I have been bugging my husband worrying about how Bruno will look at a year old he is 6 months now and weighs 53lbs. I recently got him Neutered on 2/3/12 and asked the vet tech if she thought his head was going to bulk out and get a little taller etc, she said she thinks he isn't so I am all worried now about his size and driving my husband insane. What do you all think about how big he will end up? I know it's hard to say but would like some feedback from fellow owners. Here is a couple of current pictures of him. Also Here is a picture of his dad, I guess he was bigger weighed about 90lbs.


----------



## PitbullDiva (Aug 28, 2011)

And a picture of of his Dad.


----------



## Celestial88 (Mar 14, 2011)

He's already really big for a APBT, they're around 30-60 for the most part. There isn't really any accurate way to tell yuh, you just have to see what his genes give you. His dad looks more bully.


----------



## PitbullDiva (Aug 28, 2011)

Celestial88 said:


> He's already really big for a APBT, they're around 30-60 for the most part. There isn't really any accurate way to tell yuh, you just have to see what his genes give you. His dad looks more bully.


what do you think he is if he looks to big for an APBT?


----------



## Celestial88 (Mar 14, 2011)

Do you happen to know his pedigree? Can't tell for sure without papers, there are very large Pit Bull dogs bred for weight pulling and such that had mastiff mixed in years back.


----------



## PitbullDiva (Aug 28, 2011)

Celestial88 said:


> Do you happen to know his pedigree? Can't tell for sure without papers, there are very large Pit Bull dogs bred for weight pulling and such that had mastiff mixed in years back.


I don't


----------



## SMiGGs (Jul 6, 2011)

i dont think he will get any taller. wider and thicker yes. His head piece needs to split a bit more.


----------



## PitbullDiva (Aug 28, 2011)

SMiGGs said:


> i dont think he will get any taller. wider and thicker yes. His head piece needs to split a bit more.

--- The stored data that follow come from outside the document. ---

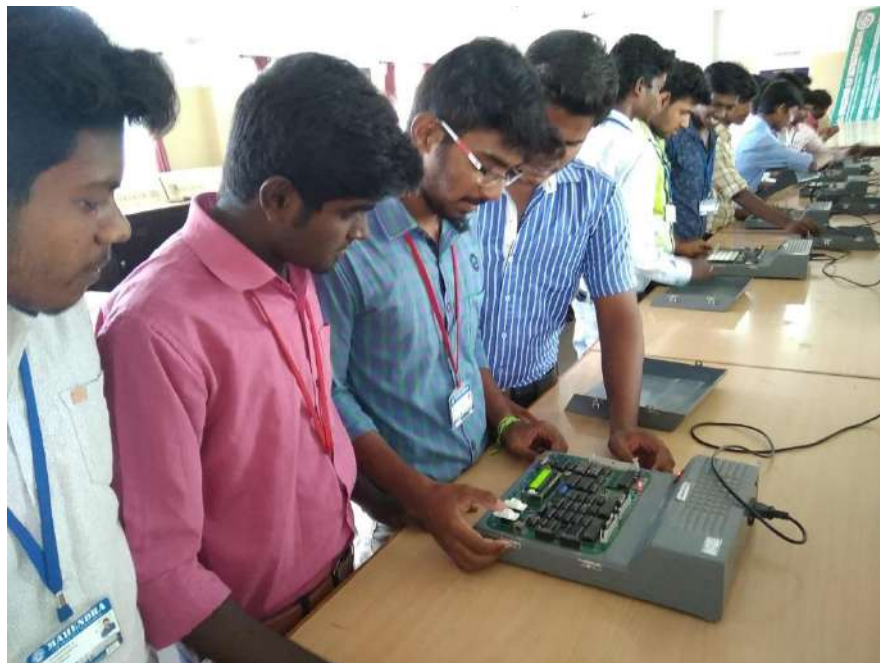
The students were practicing with microprocessor during the workshop.
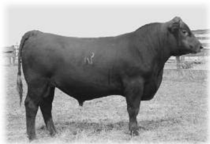
MCPHEE R LEGACY 5105
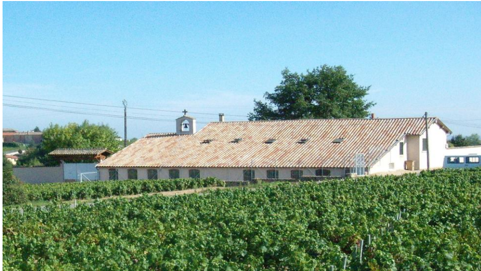
The Convent of Saint Clare, Morgon, France

The convents and monasteries consecrated to prayer are permanent witnesses to the existence of God. They are the precious jewels of Holy Church, the most pure riches of a world that hardly knows they are there. For all those trying to make sense of this world, and their lives, these convents are a light on a candlestick. The peace, joy and simplicity that reign there bear witness to the solid foundation on which the convent rests and much could be learnt there on how to build a life on an indestructible foundation. These convents are spiritual fortresses opposed to the materialism which forfeits so many good values; these are reserves of pure christianism for a decaying Christendom.
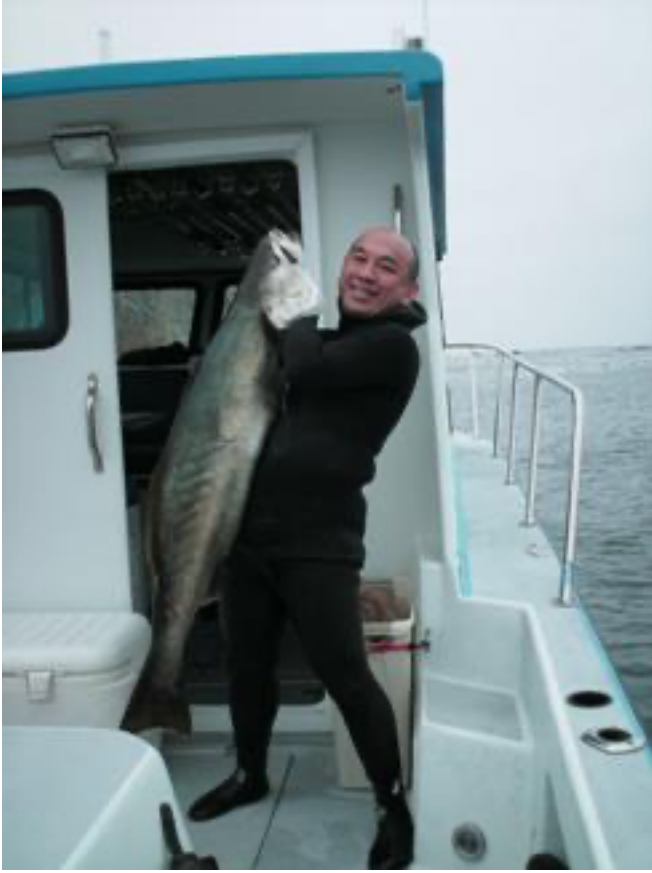
This one is 49 pounds

So he still has growing to do then? he is only 6 months old they say a puppy doesn't stop growing till their about a year old? up:


----------



## Celestial88 (Mar 14, 2011)

From my experience dogs seem to stop filling out around 2 years old.


----------



## PitbullDiva (Aug 28, 2011)

He is currently eating Nature's Recipe Large Breed Puppy, is there any better food that he should be on? I tried Blue Buffalo already and it was really rich for him and he didn't like it.


----------



## PitbullDiva (Aug 28, 2011)

Celestial88 said:


> From my experience dogs seem to stop filling out around 2 years old.


He does look like a Pit Bull though rite?


----------



## Blue_Nose_Bella (Jan 16, 2011)

PitbullDiva said:


> He does look like a Pit Bull though rite?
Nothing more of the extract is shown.